WORK ORDER
Could you write out, exactly and with no pictures, every line from the one containing "-. Title : Eincar" through the last line of the entries?

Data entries
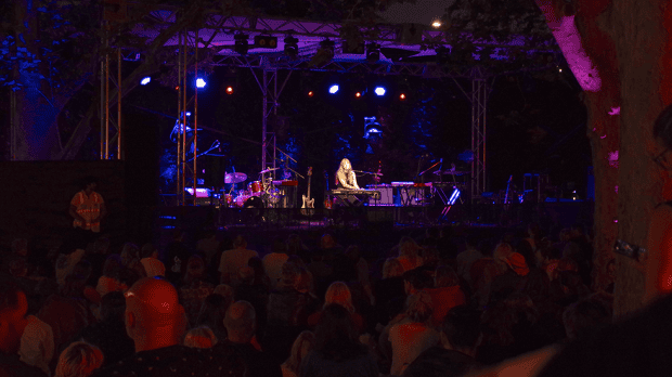 That made her performance at the Front Garden of Fremantle Arts Centre all the more intimate on Monday night. For a start, the bar queues were virtually non-existent as punters acknowledged the school night and claimed a piece of turf with blankets and low back chairs. Those standing during support act Banjo Lucia‘s set were told to sit by security, and the picturesque environment was one of zen and subtly changing colours as the sun went down.
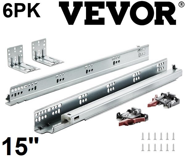 6PK vevor heavy duty extension drawer slides - 15" - silver/grey (model:30201b.381-6)
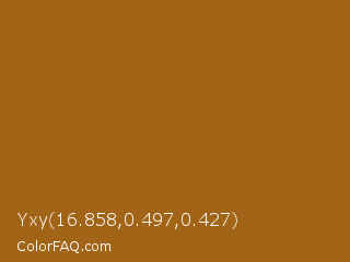 Yxy 16.858,0.497,0.427 Color is a normal orange color and the nearest color is Reno Sand #a86515. Hex code #a26416 and RGB value is rgb(162,100,22). In RGB color space, this color is composed of 64% red, 39% green, 9% blue, In CMYK color space, this color is composed of 0% cyan, 38% magenta, 86% yellow , 36% black , In HSL color space, this color has a hue angle of 33° , 76% saturation and 36% lightness.
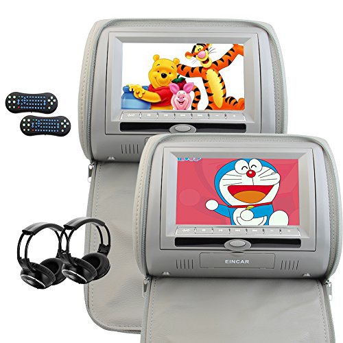 -. Title : Eincar Rockville RDP711-GR 7inch Grey Car Headrest Monitors support FM Transmitter 32Bits Games USB CD DVD Player Auto Audio Pillow Headrest + Remote Control Include IR Headphones
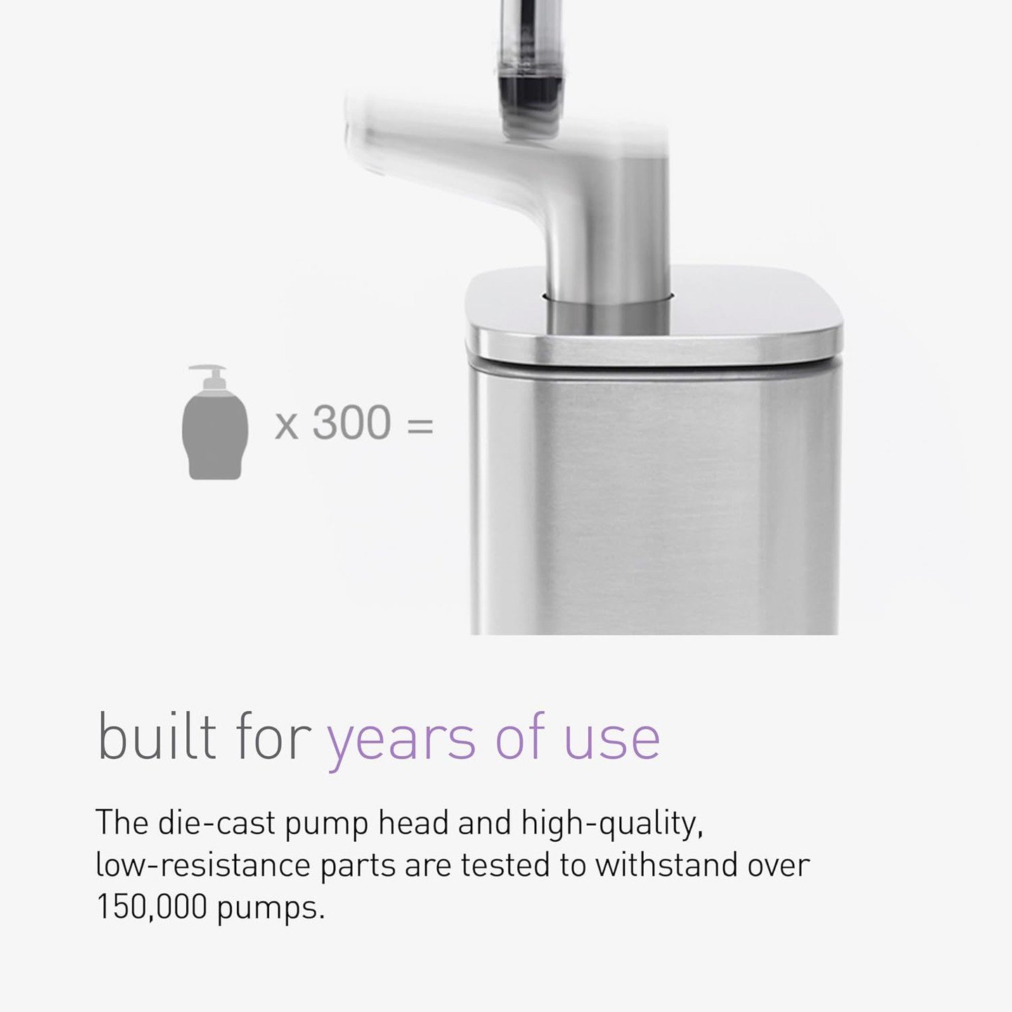 The simplehuman stainless steel pulse pump is engineered from the inside out. Its innovative design includes a large pump tube that allows for greater soap or sanitizer flow – no matter how thick – with far less effort. Ball bearings located at the top and bottom of the pump keep air from entering, which prevents soap from dripping, leaking or drying out. Just a light touch on the spout provides a generous portion of soap – and it’s designed to last more than 150,000 pumps – that’s over 15 pumps a day for 27 years. Fast, neat and nearly effortless, it is a uniquely satisfying experience.
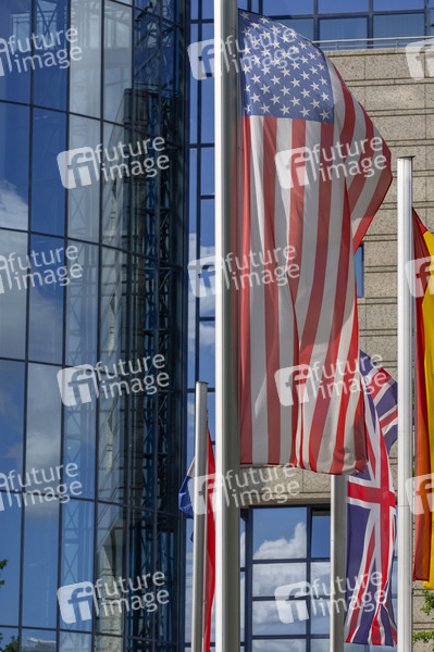 Flaggen Vereinigte Staaten von Amerika und Vereinigtes Königreich vor dem Maritim Hotel Bonn

ANSWER
 -. Title : Eincar Rockville RDP711-GR 7inch Grey Car Headrest Monitors support FM Transmitter 32Bits Games USB CD DVD Player Auto Audio Pillow Headrest + Remote Control Include IR Headphones
 The simplehuman stainless steel pulse pump is engineered from the inside out. Its innovative design includes a large pump tube that allows for greater soap or sanitizer flow – no matter how thick – with far less effort. Ball bearings located at the top and bottom of the pump keep air from entering, which prevents soap from dripping, leaking or drying out. Just a light touch on the spout provides a generous portion of soap – and it’s designed to last more than 150,000 pumps – that’s over 15 pumps a day for 27 years. Fast, neat and nearly effortless, it is a uniquely satisfying experience.
 Flaggen Vereinigte Staaten von Amerika und Vereinigtes Königreich vor dem Maritim Hotel Bonn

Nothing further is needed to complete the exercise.